Instructions to follow:
Setting pictures aside, output exactly the lines from the start of the records to the line with "学舞也能利用高科技,慢放、镜像播放、AB段循环,让任何舞蹈都不再难以掌握;", that line included.

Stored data

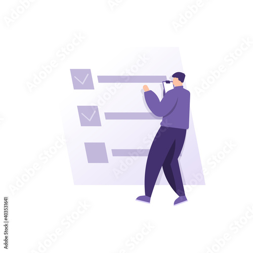 a concept of survey, voting, opinion gathering. illustration of a man giving a check on the questionnaire form or question form. resource persons and research papers. flat style. design elements
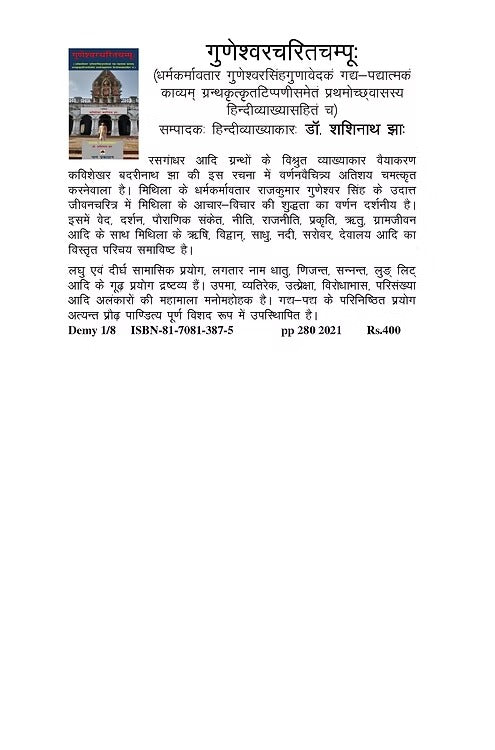(DHARMAKARMAVTAR GUNESHVARSINGHGUNAVEDAK GADYA PADMATAMAK KAVYAM GANTHKRITKRITATIPPANISAMETAM PRATHAMOCHCHVLSASYA HINDIOYAKHYASAHIT CH) EDITOR  HINDI VYAKHYAKAR DR. SASHINATH JHA
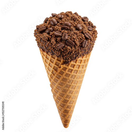Delicious chocolate coffee ice cream cone topped with coffee beans against a plain background
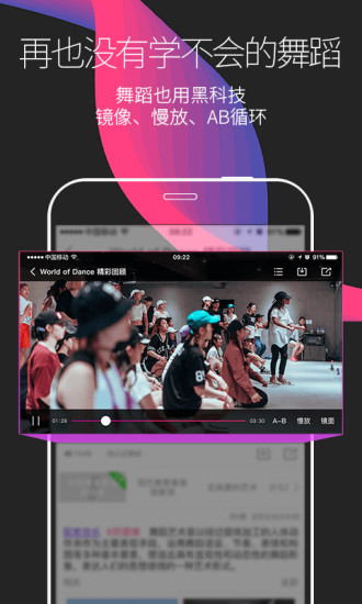 学舞也能利用高科技,慢放、镜像播放、AB段循环,让任何舞蹈都不再难以掌握;
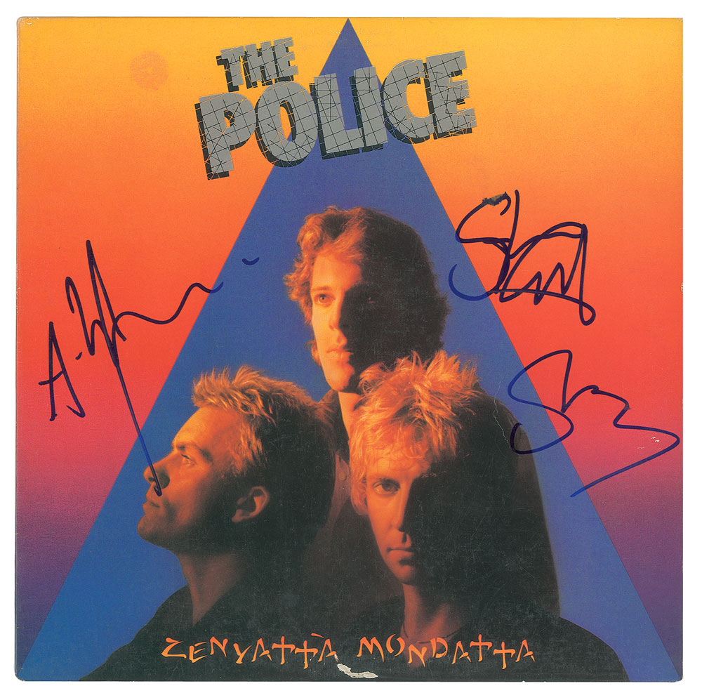 Zenyatta Mondatta album signed on the front cover in blue felt tip by Sting, Andy Summers, and Stewart Copeland. In fine condition, with some old price sticker residue. The record is included. The album won two Grammy Awards including Best Rock Performance for 'Don't Stand So Close to Me' and Best Rock Instrumental Performance for 'Behind My Camel.' From The John Brennan In-person Autograph Collection.
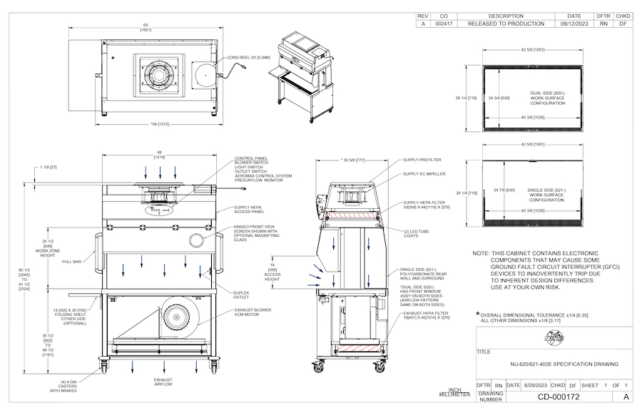Discover the comprehensive technical product drawing for our nominal 4-foot 230-volt Animal Transfer Station (ATS) models NU-620-400E and NU-621-400E, designed to provide detailed visual insight into these cutting-edge Animal Transfer Stations. This drawing showcases the standard features that make these models exceptional and offers precise product dimensions, ensuring you have all the information you need for your vivarium setup. Download this invaluable resource to explore every facet of our Animal Transfer Stations and make informed decisions for your research environment.

Written answer:
 a concept of survey, voting, opinion gathering. illustration of a man giving a check on the questionnaire form or question form. resource persons and research papers. flat style. design elements
(DHARMAKARMAVTAR GUNESHVARSINGHGUNAVEDAK GADYA PADMATAMAK KAVYAM GANTHKRITKRITATIPPANISAMETAM PRATHAMOCHCHVLSASYA HINDIOYAKHYASAHIT CH) EDITOR  HINDI VYAKHYAKAR DR. SASHINATH JHA
Delicious chocolate coffee ice cream cone topped with coffee beans against a plain background
 学舞也能利用高科技,慢放、镜像播放、AB段循环,让任何舞蹈都不再难以掌握;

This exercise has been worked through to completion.